Results: After matching, 22,672 patients (11,336 per group) were analyzed. In standard Cox analysis, PD-L1 inhibitors were associated with a lower risk of skin rash (HR 0.66, 95% CI 0.56-0.78), colitis (HR 0.79, 0.71-0.87), and nephritis (HR 0.71, 0.54-0.94) compared to PD-1 inhibitors. The competing risk analysis revealed that all-cause mortality was the overwhelmingly dominant outcome. Consequently, PD-L1 inhibitor use was associated with uniformly lower sHRs for every irAE analyzed (range: 0.85-0.88), with the sHR for mortality itself at 0.88 (0.84-0.92).

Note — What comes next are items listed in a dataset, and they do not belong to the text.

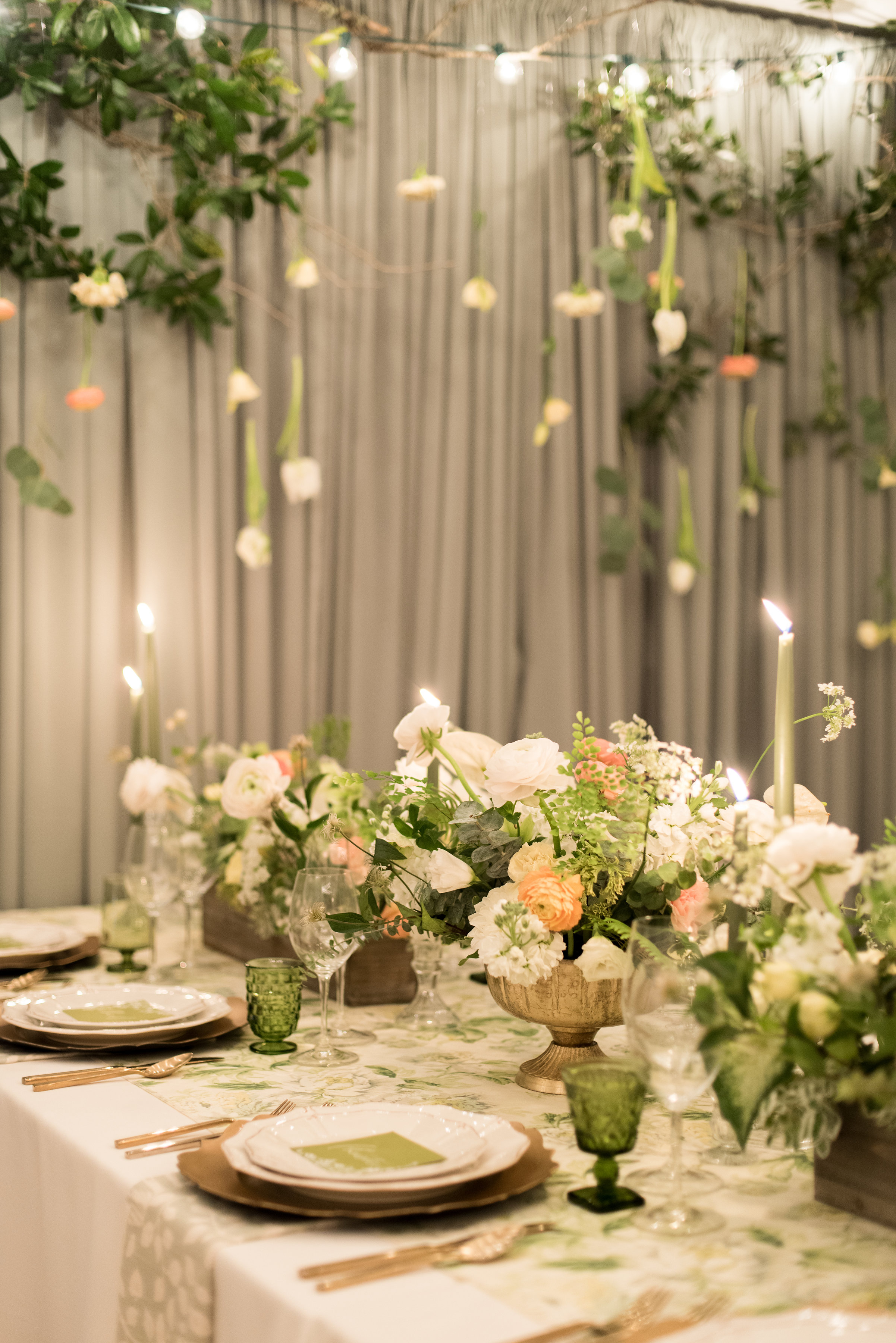 Whether it's a true theme or just a design element, choose something and carry it throughout the event from invitations to table top decor. Kristin chose to focus on the color green and floral elements. From green paper goods, floral napkins and custom table runner, colored glassware, tapered candles, and sage drapery the theme was carried out in a bold and tailored way. The entire design was very feminine and flirty (like the birthday girl herself)!
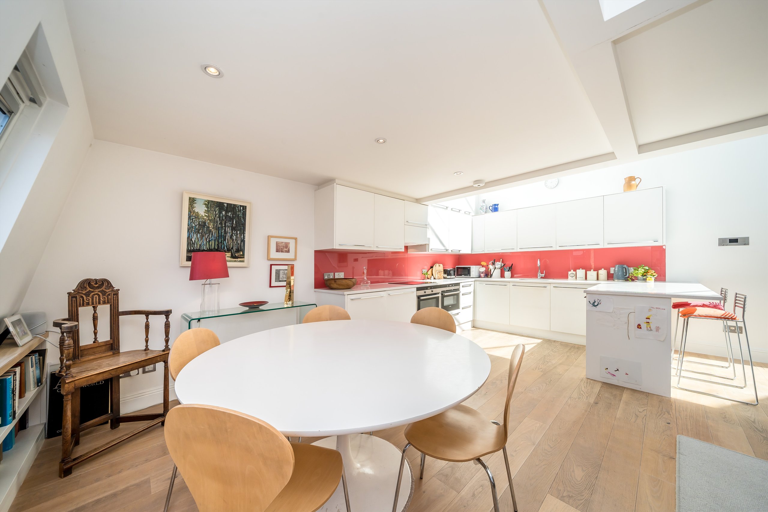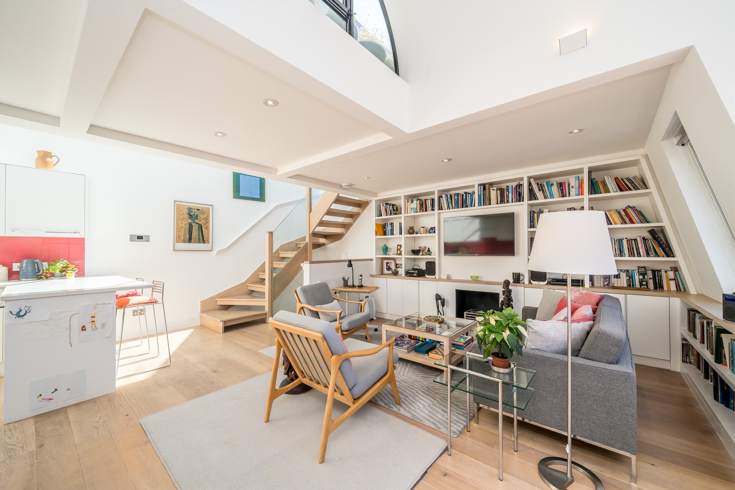 A spacious four-bedroom mews house presented in excellent condition boasting a substantial private roof terrace and exceptional natural light throughout, located moments from Kensington High Street.
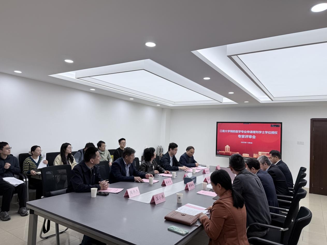 2025年11月6日上午,江南大学“预防医学专业申请增列学士学位授权专家评审会”在蠡湖校区行政楼B306会议室以线上线下结合的方式组织召开。江南大学党委常委、副校长李兆丰,教务处副处长黄锋林、王小燕与会指导。
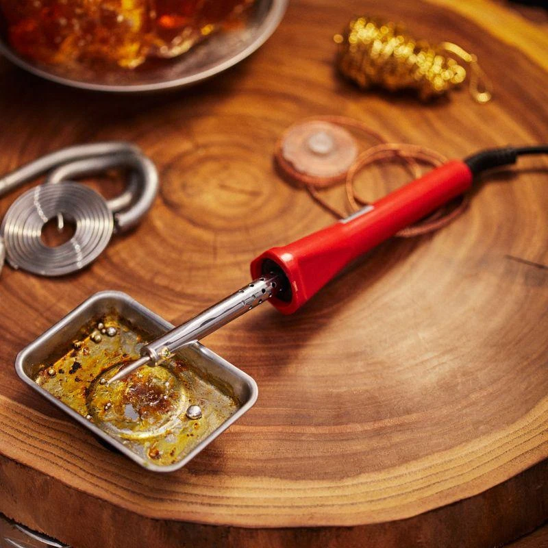 Паяльник выполнен с керамическим нагревательным элементом, поэтому нагревается быстрее чем, нихромовый и при бережном отношении прослужит много долгих лет. Долговечное жало паяльника состоит из медного сердечника, покрытого слоем электролитически осажденного железа. Рабочая часть жала электрохимически покрыта слоем олова (что обеспечивает облуживаемость), а остальная поверхность — хромирована.
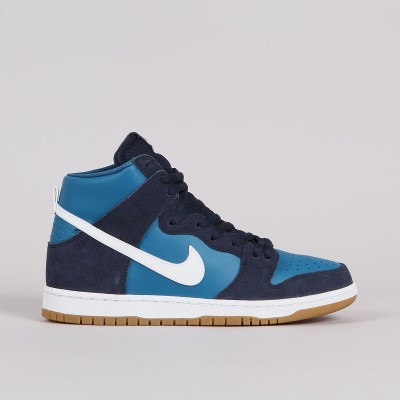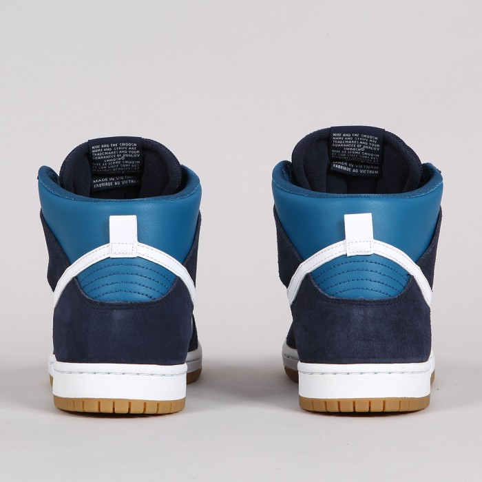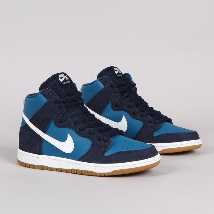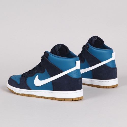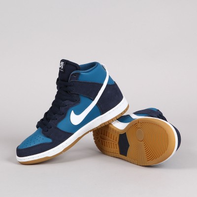 Iconic Dunk High Pro model in blue from Nike SB . The upper is made of leather, the lightweight cupsole has an additional Zoom Air cushion for shock absorption . Lightweight and thinner tongue and ankle collar, padded for greater comfort. One extra white laces in the package.
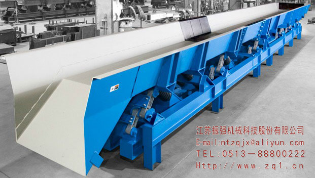 振動輸送機是一種無牽引構件的連續輸送機械。它是利用機械共振原理來輸送物料的。振動輸送機主要由承載構件、彈性元件及激振器等組成。激振器足振動輸送機的驅動機構動力源,用以產生激振力,使承載槽產生持續的振動。激振力的大小直接影響著承載的振幅,其交變頻率即為輸送機的工作頻率。承載體為槽形或管形振動料槽,在振動過程中,將能量傳給物料,使之沿輸送方向作連續拋擲運動。承載體為參振質體,需具有足夠的剛度和強度。減振支承裝置既是整機的支承裝置,又作減振用。
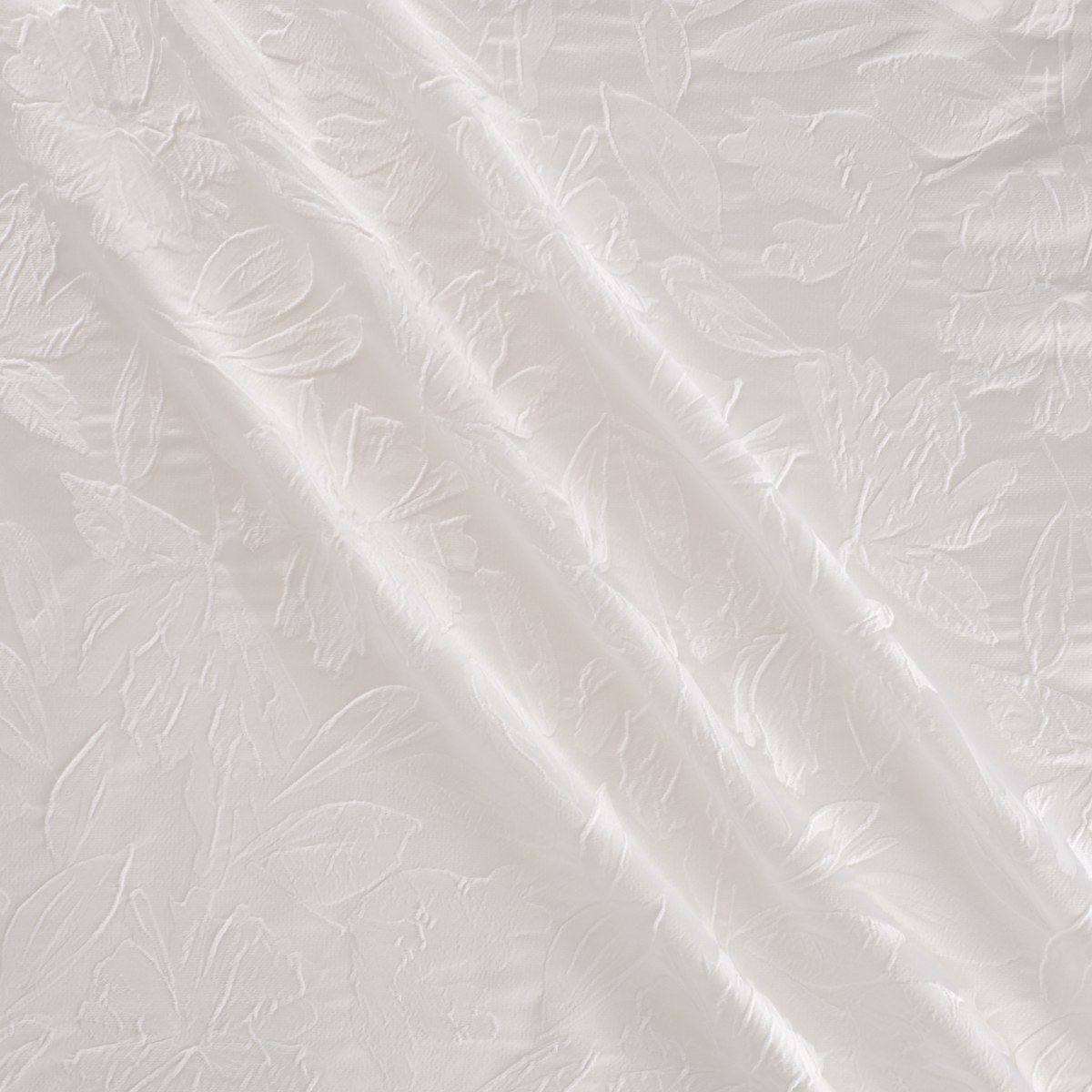 Jacquard cloque con delicado dibujo floral y de hojas en relieve. Mano suave y agradable al tacto. Tejido íntegramente confeccionado con hilo tintado, ideal para creaciones elegantes y con personalidad.

This pattern, indicating the safety signal was heavily confounded by survival, was consistent across sex and age subgroups but more pronounced in males and older patients.
Conclusion: PD-L1 inhibitors are associated with a lower risk of specific irAEs. However, mortality is the dominant competing risk in advanced cancer, fundamentally shaping safety assessments. Real-world studies must account for competing mortality to avoid distorted conclusions.
Keywords: Competing risk analysis; Immune-related adverse events; PD-1 inhibitors; PD-L1 inhibitors; Real-World data; Safety.
© 2026. The Author(s).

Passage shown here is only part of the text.